[DRBD-user] can drbd be made to detect that it has failed to write to the underlying device in a 'long time'?

Thu Apr 15 07:02:29 CEST 2004

/ 2004-04-14 15:09:10 -0500
\ Todd Denniston:
> > > on a positive note, about 22 seconds into the secondaries Card dump (I think
> > > this is the time that the lockup starts) I got the following on the active
> > > primary:
> > > Apr 13 15:36:23 foo kernel: drbd1: sock_sendmsg time expired on sock
> > > Apr 13 15:36:23 foo kernel: drbd1: no data sent since 10 ping intervals, peer
> > > seems knocked out: going to StandAlone.
> > > Apr 13 15:36:23 foo kernel: drbd1: Connection lost.
> > 
> > Thats what I expect.
> > 
> I kind of wonder why I only get that on one of the 7 drbd*'s I have though.
> the rest I just get 'Connection lost.' messages over the next couple of
> minutes, instead of all at once.
> 
> Apr 14 13:38:24 foo kernel: drbd1: sock_sendmsg time expired on sock
> Apr 14 13:38:24 foo kernel: drbd1: no data sent since 10 ping intervals, peer
> seems knocked out: going to StandAlone.
> Apr 14 13:38:24 foo kernel: drbd1: Connection lost.
> Apr 14 13:40:04 foo kernel: drbd5: Connection lost.
> Apr 14 13:40:05 foo kernel: drbd2: Connection lost.
> Apr 14 13:40:05 foo kernel: drbd4: Connection lost.
> Apr 14 13:40:10 foo kernel: drbd6: Connection lost.
> Apr 14 13:40:10 foo kernel: drbd0: Connection lost.
> Apr 14 13:40:10 foo kernel: drbd3: Connection lost.
> Apr 14 13:41:57 foo ipfail[4144]: info: Status update: Node bar now
>					has status dead

maybe they did not transfer any data blocks at that time?
or not enough so they still fit in the local tcp send buffer?

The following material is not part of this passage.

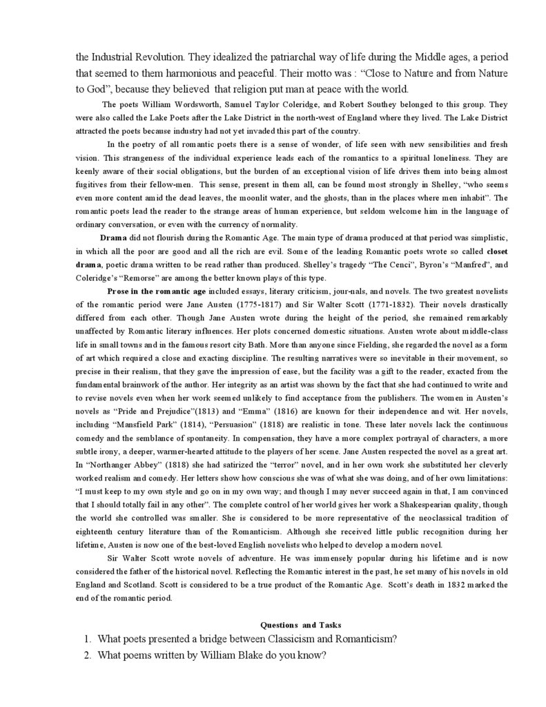 Unit 6. The Romantic Age in English Literature (1780-1830)

> If I do not change the drbd.config file, I should not have any problem
> bringing the machine down running a kernel with 0.6.10, and bringing
> it backup with 0.6.12, correct?

right.

> BTW When drbd puts the kernel, on the secondary machine, into
> kernel-panic and you bring the secondary machine back up...  is a
> quick sync really enough???

good question.
  probably not, and it should be written into the meta data first, so it
will ensure a full sync, or maybe even refuse to do anything until
operator confirmed: "yes, hardware *is* ok again.", and only then do the
full sync.

Philipp and others, please comment.

> or should I bring drbd down and `rm /var/lib/drbd/* -f`, and then bring drbd
> back up forcing a full sync? I have been doing the rm. (for what I think is to
> keep my sanity).

you can also request a full sync by "drbdsetup /dev/nbX replicate"
...

> bar was in secondary and going down, I captured this:
> [root at bar root]# cat /proc/drbd 
<snip/>

at first glance it looks like the other devices indeed where idle at
that time, so they won't break it some time later the first device sees
the io-error and panics the box, and that is when the other devices
loose connection, too.
as long as nothing is written, we won't notice broken hardware, would we?
of course, we could *probe* the hardware at intervals, but... naaaa
not our business, is it?

one could improve the situation, if drbd "knows" which lo devs are
basically the same hardware, and then if one of them fails, all others
fail at the same time, idle or not...

No, I won't go and try to write some autodetection mechanism.
But this may be an interessting additional config thing for drbd 0.7.
Similar to "sync-group", we can have a "lo-dev-group":
This makes sense, since DRBD 0.7. does not panic by default, but
goes into "diskless" mode. If several devices share the same lo-dev,
each of them in turn would need to wait for the hw-driver retry timeout 
cycle to recognize what we could have known already...

	Lars Ellenberg